Sir Herbert Stanley Oakeley, (22 July 1830 – 26 October 1903) was an English composer, most well known for his role as Professor of Music at the University of Edinburgh. Prior to his appointment to this role in 1865 he established his reputation as an organist, composer, and musician. During his tenure at the University of Edinburgh he founded a number of university musical societies across Scotland, most notably the Edinburgh University Music Society, and successfully resolved the university's Reid School of Music into a Faculty able to award degrees to its graduates.
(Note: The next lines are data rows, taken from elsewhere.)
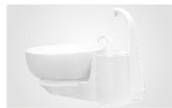
痰盂 可转动痰盂 Movable cuspidor
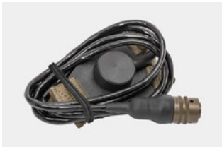
Headphone VMR3/VMR3G/VR1 Item No. 2902440026
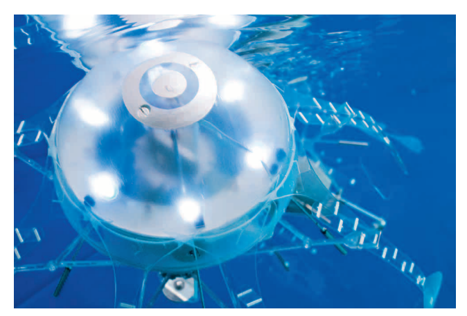
Energy transfer via two integrated contact points

The jellyfish's sensor system comprises three components that use different media. A pressure sensor makes it possible to determine AquaJelly's depth in the basin to within a few millimetres. AquaJelly is thus aware of its precise position at all times and can position itself within a specific pressure zone. It also relies on the pressure sensor for recharging, since this is the only way it can strategically swim to the surface. For communication at the water's surface AquaJelly uses the energy-saving ZigBee® short-range radio system, which enables it to exchange data with the charging station and to signal to other AquaJellies at the surface that the station is occupied. The radio waves penetrate to a physically determined minimal depth, and AquaJelly must decide within a narrowly defined range which charging station it will approach.
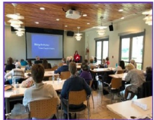
WC-SFV Meeting in the Saban Community Room
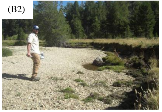
Bank height 2-4 feet, score=2 (Pacific Valley, Mokelumne Watershed)
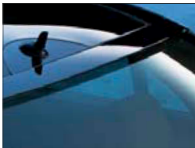
Roof spoiler Primed*
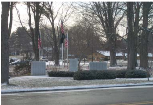
Bernardston Village Center
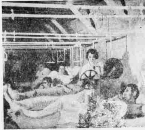
MOVIES IN A HOSPITAL WARD! Mickey Mouse and the latest Hollywood releases do wonders for a fellow with a leg full of shrapnel! And so do books, games, song-fests — stock-in-trade of Red Cross Recreational Workers at home and overseas. Your Red Cross lifts spirits and speeds up convalescence!
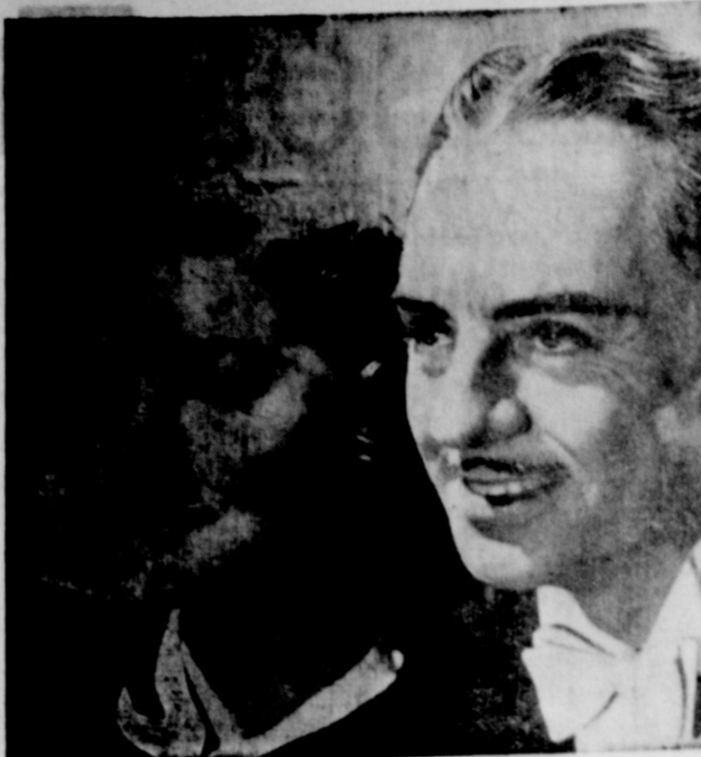
Myrna Loy and William Powell, the screen's favorite "husband and wife," ring up newer and louder laughs in their latest marital comedy, "I Love You Again" playing Monday and Tuesday at the Princess Theatre.
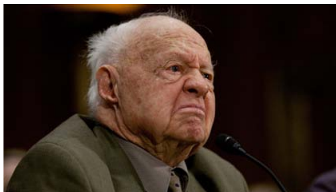
Mickey Rooney testifies before the Senate Special Committee on Aging.

Enlarge | Print | Comments (43) | Email | Recommend (10) | Tweet 27 | Like Confirm
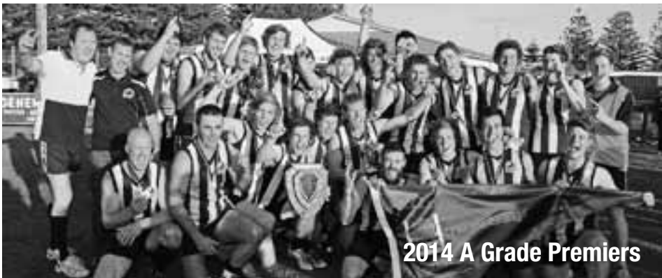
2014 A Grade Premiers
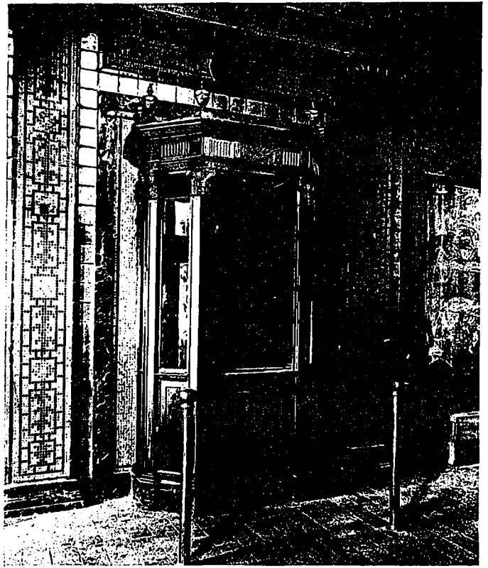
BRONZE TICKET BOOTH, ST. DENIS THEATRE, MONTREAL.

The central portion of the main ceiling is pierced by a dome forty feet in diameter, painted a deep soft blue, enriched with zodiacal signs and glittering stars in gold, and the balance of the geometrically designed ceiling is in white, here
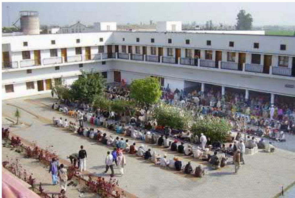
Courtyard of the Langar
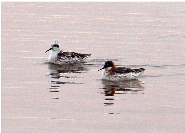
Figure 3: Red-necked Phalarope

Twenty four Red-necked Phalaropes were counted in the saltworks at Walvis Bay in the course of the water bird count there on 10 February 2019.
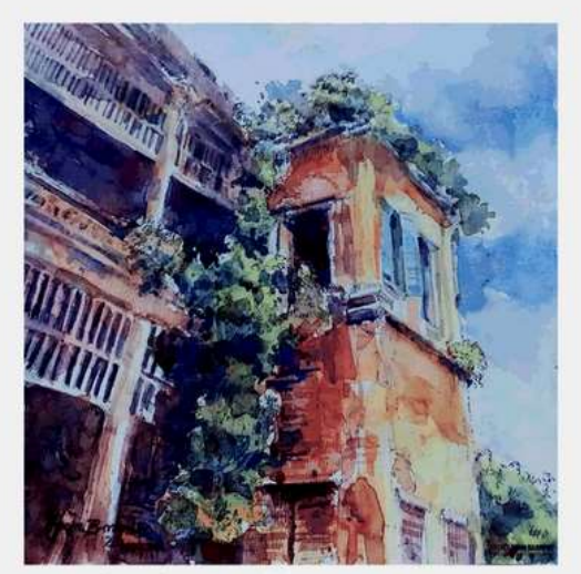
"Bhagyakul Zamindar's house 2" Pen & Watercolor by ARTIST ARUN BARMON 7X7 Inches Sep 2022 www.facebook.com/artistarunbarmon
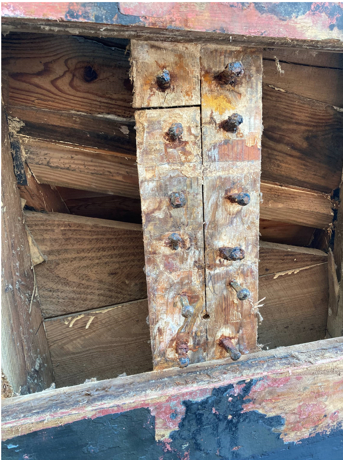
VIEW OF ANOTHER FRAME ON BOTH THE ABOVE PHOTOS NOTE THE GOOD CONDITION OF THE FASTENINGS
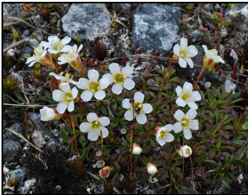
Diapensia lapponica .

The conference registration fee is CAD $495.00 Canadian or USD $415 . Registration for the conference will close as of June 1, 2018. The price of the conference fee includes access to the speaker’s presentations, field trips and some meals. For any questions contact Todd Boland at todd.boland@warp.nfld.net
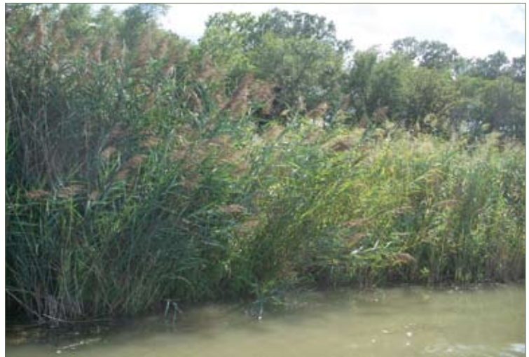
Figure 9. Non-native invasive (left) compared to native (right) common reed.
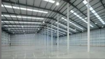
Steel Heavy Industrial Sheds
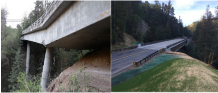
Highway 1 Pfeiffer Canyon Bridge (before/after)
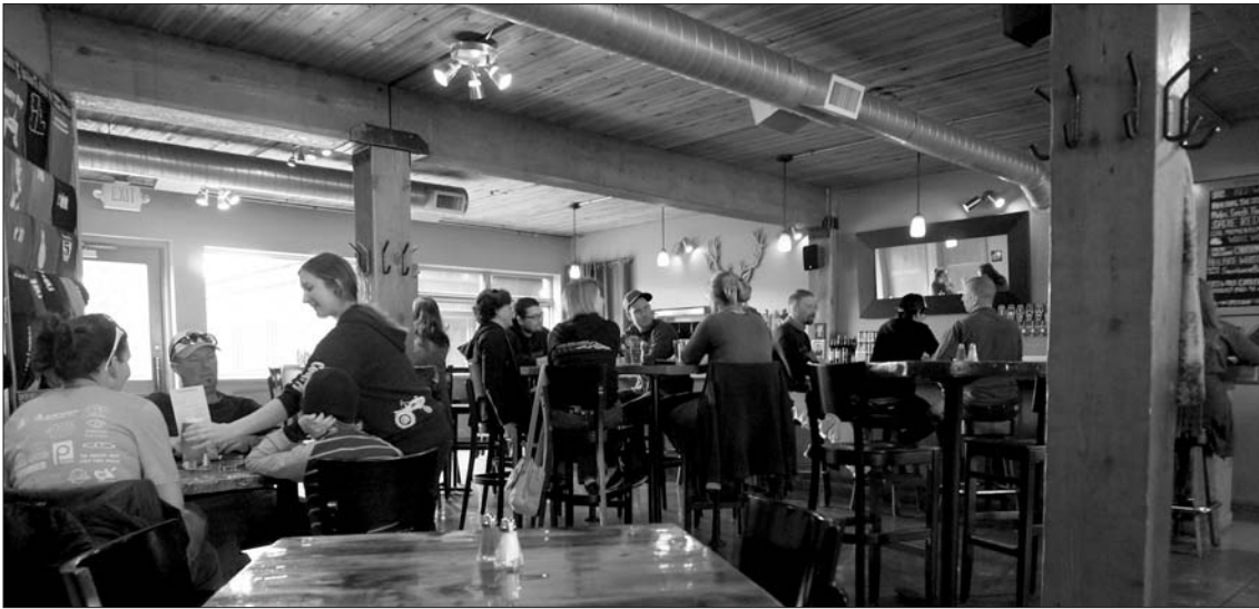
Left, diners enjoy a late lunch at Everybody's.
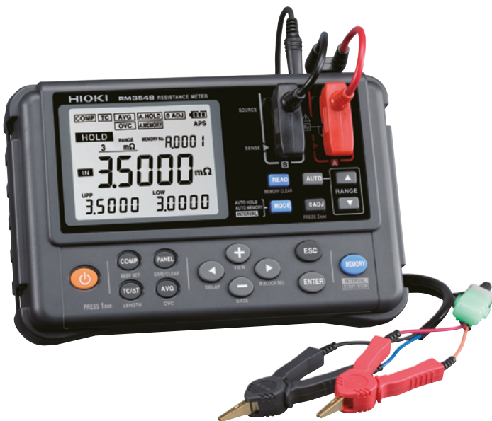
Figure 6: The portable resistance meter RM3548 from HIOKI

The RM3548 doesn't feature a guard terminal, as this portable resistance meter is typically used for lower resistances. Lower resistances mean that predominantly higher measurement cur-
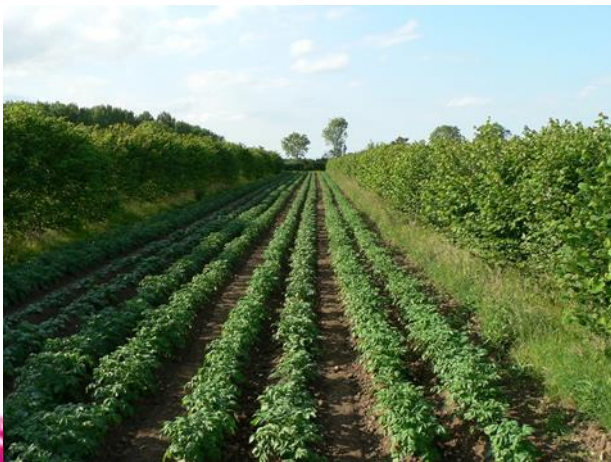
Agro - forestry
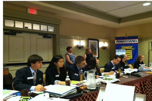
The state officer team listening to the Donate Life PA presentation.
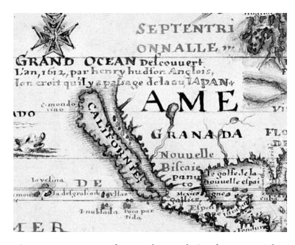
Fig. 12.23. Fragment of a French map dating from 1634. The Californian peninsula is misrepresented as an island.

We are being told that the European cartographers shall forget all the abovementioned data a mere 100 years later, in the XVII-XVIII century, and get a multitude of misconceptions into their heads, such as the insular nation of California. Isn't this highly suspicious?
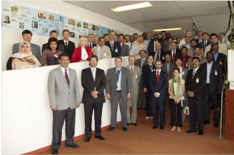
Fifty participants from over 40 countries attended the Workshop at the IAEA Headquarters

and lessons learned and identify needs for support from the IAEA.
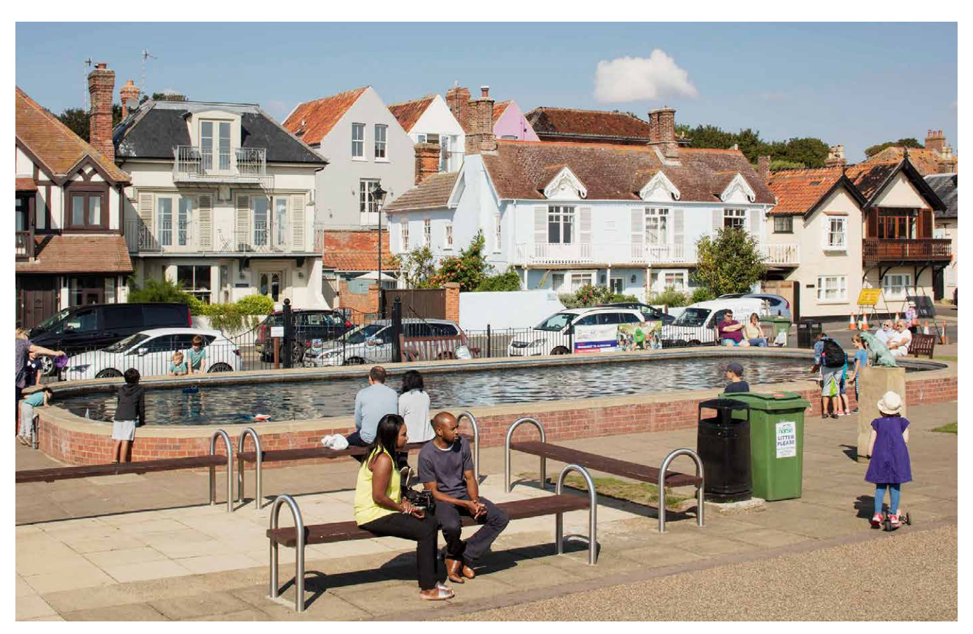
Aldeburgh, Suffolk. Well-designed modern paving and street furniture are sometimes a better choice for historic areas than off-the-shelf 'heritage' solutions.

Pedestrians and drivers in Suffolk and Norfolk's historic towns and villages have benefited in recent years from the traffic-calming policies advocated by their county councils, but some other highway authorities have been slower to move away from the notion that 'keeping the traffic moving' is all that matters.
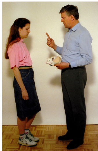
FIGURE 8 | A man scolds a girl (for breaking the piggy bank) (Stark, 1998).

The picture: A man scolds a girl (for breaking the piggy bank).
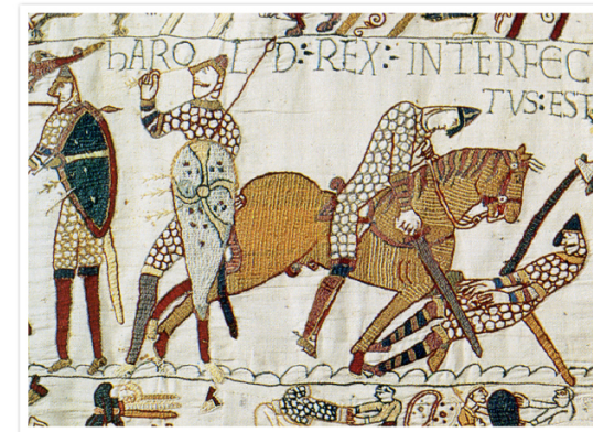
Part of the Bayeux Tapestry showing the death of King Harold II

The Bayeux Tapestry tells the story of the Norman invasion and the Battle of Hastings in 50 different scenes. It is an embroidered cloth over 70m long and 50cm wide. The tapestry shows Duke William of Normandy sailing across the English Channel with his army and horses, the Battle of Hastings and the death of King Harold II. The tapestry is on display in the Bayeux Museum in northern France.
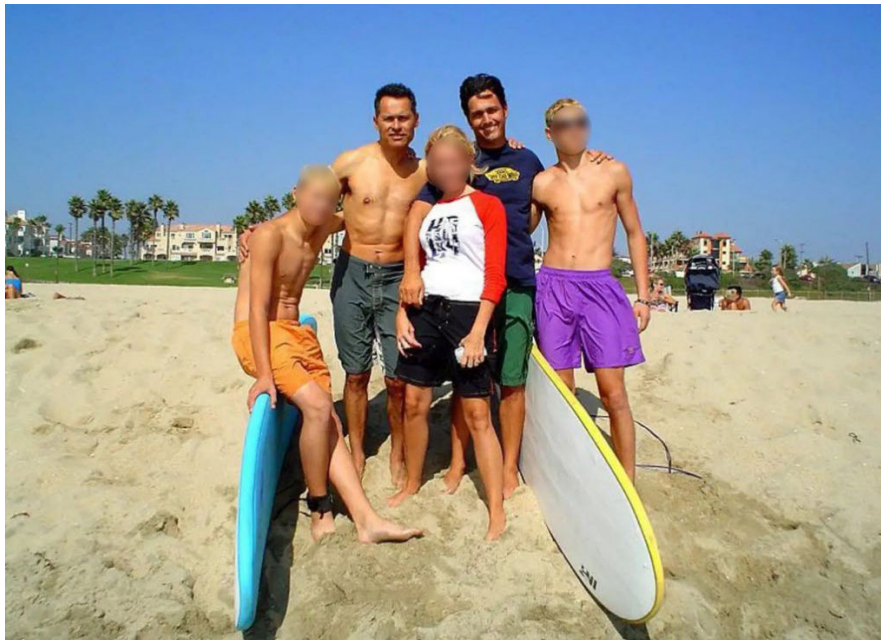
Figure 13: Harvest Homes children in California on the beach with hosts

175. During the Christmas trips, he usually brought children living in the Harvest Homes with him to show them off and elicit more sympathy and money from donors. They considered this a great privilege and he mainly picked his favorites, who were most inured to acceding to his sexual demands.
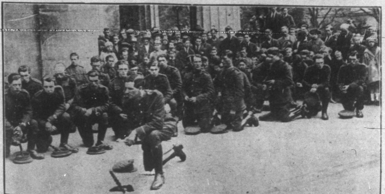
A solemn military requiem the first of its kind in Ireland, was celebrated recently in Dublin for a number of Irish Republican army men killed in action during the attack on the custom house. Photograph shows Free State soldiers praying outside the cathedral.
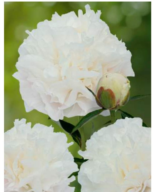
Moonlit Snow (1978) Mid.
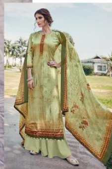
Code # 13808
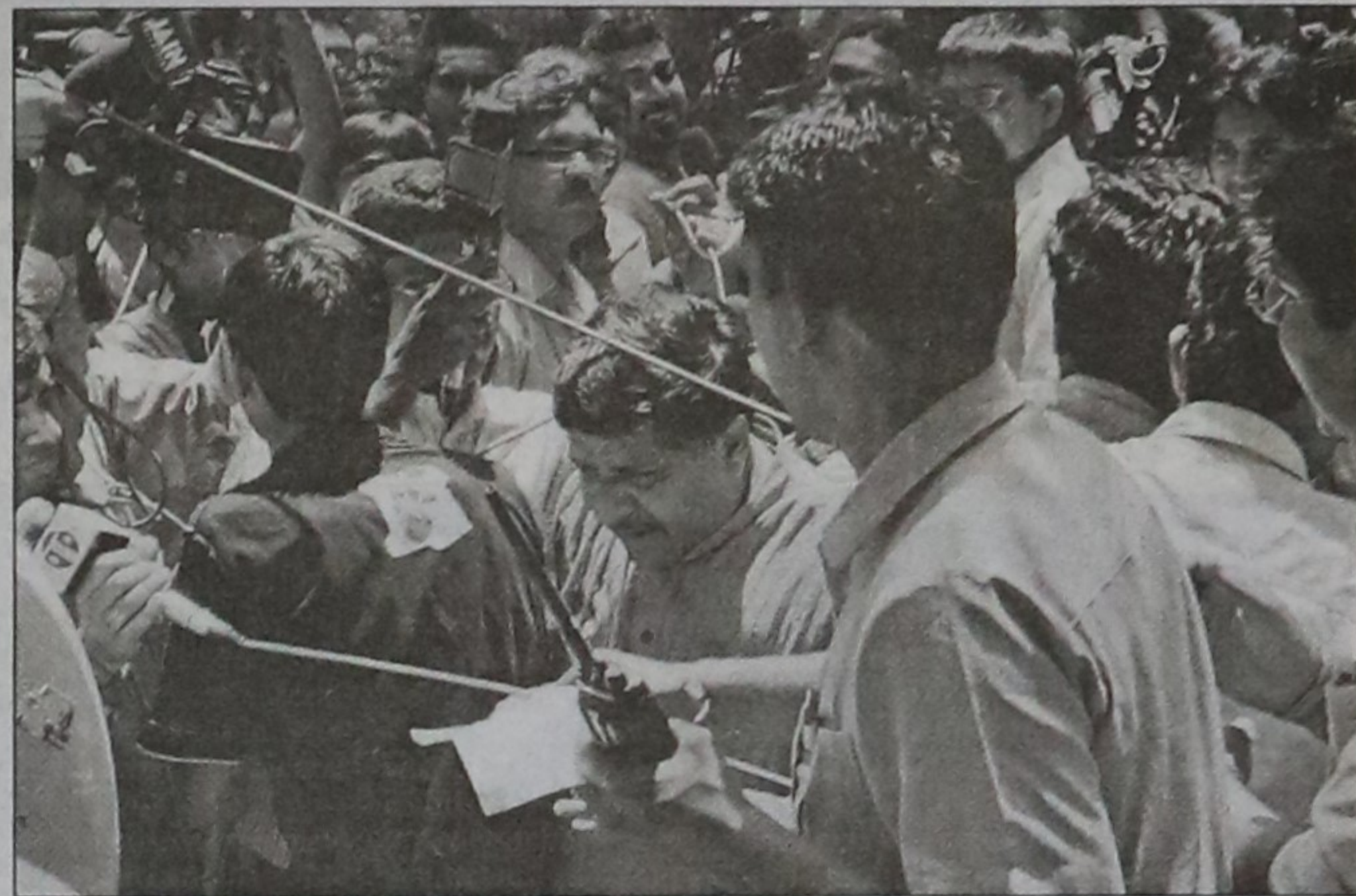
Senior Bharatiya Janata Party (BJP) leader Ravi Shankar Prasad (C) escapes the media in New Delhi yesterday after a BJP strategy session to discuss post polls alliances at the residence of prime ministerial candidate Lal Krishna Advani.

Exit polls by television channels Wednesday predicted that the Congress-led United Progressive Alliance (UPA) would finish just marginally ahead of the BJP-led National Democratic Alliance (NDA). The Third Front, made up of Communists and regional parties, is tipped to win around 100 seats.
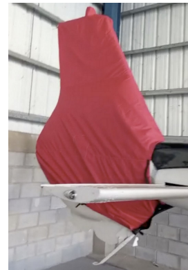
Eurocopter EC-130 Tailfan/Upper Vert Stab Housing Cover

He socialized with and mentored contralto, composer, and festival organizer Mary Augusta Wakefield.

Life
He was born at Ealing on 22 July 1830.
He was second son of Sir Herbert Oakeley, 3rd Baronet. 
He was educated at Rugby and at Christ Church, Oxford, he graduated B.A. in 1853 and proceeded M.A. in 1856. 
He studied with Stephen Elvey. 
In 1865, he was elected Reid Professor of Music at Edinburgh University.

He was knighted in 1876 and in 1881 was appointed "Composer of Music to Queen Victoria in Scotland".

In June 1901 he received an honorary doctorate (LL.D) from the University of Glasgow during celebrations for the university´s 450th jubilee.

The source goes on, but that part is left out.